April 28, 2005 -- Most of tonight's episode of NBC's "ER," written by Lydia Woodward and Lisa Zwerling, M.D., was fairly unremarkable from a nursing perspective. It featured the standard portrayal of nurses as skilled but peripheral physician assistants. However, one scene did call upon intern character Abby Lockhart--also a nurse--to address a patient's dismissive reference to her as a nurse. So, did the show have Lockhart mount a brief but spirited defense of the widely disrespected profession-in-crisis in which she herself spent many years saving lives and improving outcomes? You make the call, based on her indignant response to the patient: "I am not a nurse. I'm a doctor."

Most of the episode, "Ruby Redux," is business as usual. Physician characters perform all important procedures, conduct all patient interactions, and are the overwhelming focus of all the plotting that relates to health practice. At one point, major nurse character Sam Taggart captures this perfectly, as she tells an emergent patient who asks about her abusive husband that "the doctors are working on him"--at which point we immediately see her husband whiz past with nurse character Chuny Marquez (right) ambubagging him.

The show also includes one of its standard messages that nurses report to physicians. Attending Luka Kovac tells his girlfriend Taggart (right)--who is not feeling well, possibly because she is pregnant--that she can leave early, and "if there are any complaints, you can tell them to talk to me." Of course, "them" would be the nurse managers "ER" generally pretends do not exist, and "they" would not just have "complaints," as if they were simply nagging underlings who all report to Kovac, instead of managers struggling to staff the unit with enough nurses to provide quality care. Physicians have no involvement in nurse staffing, which is complex, and Kovac would have neither the authority nor the expertise to weigh in on it. Other than that, the scene was totally fine.
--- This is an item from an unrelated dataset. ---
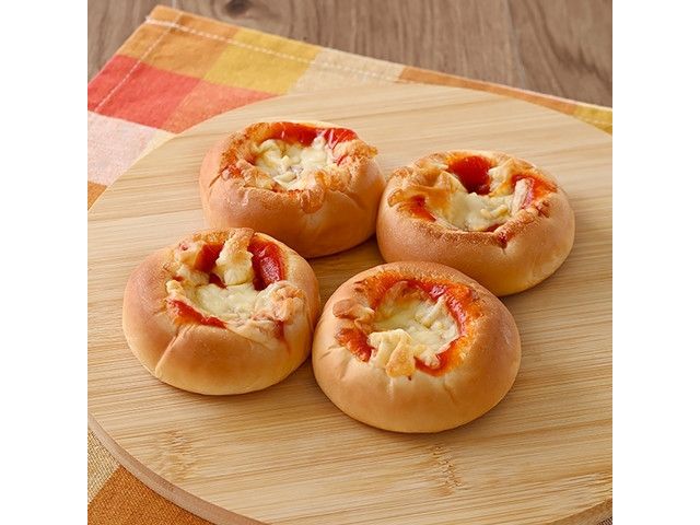 ベーコン入りのピザフィリングを包み、ピザソースとシュレッドチーズをトッピングしたミニサイズのピザパン4個入りです。

But let's get to the fun part. Early on, Lockhart (right) is trying to begin treating an elderly patient who seems far too fragile for the cardiac surgery the hospital's surgeons will eventually persuade him to undergo. This patient seems to respect only older male physicians, and he is very angry because of the hospital's ill treatment of his deceased wife long ago. Resisting Lockhart's efforts, he snaps that he does not "want some nurse calling the shots around here." Lockhart responds, with measured but clear indignation: "I am not a nurse. I'm a doctor."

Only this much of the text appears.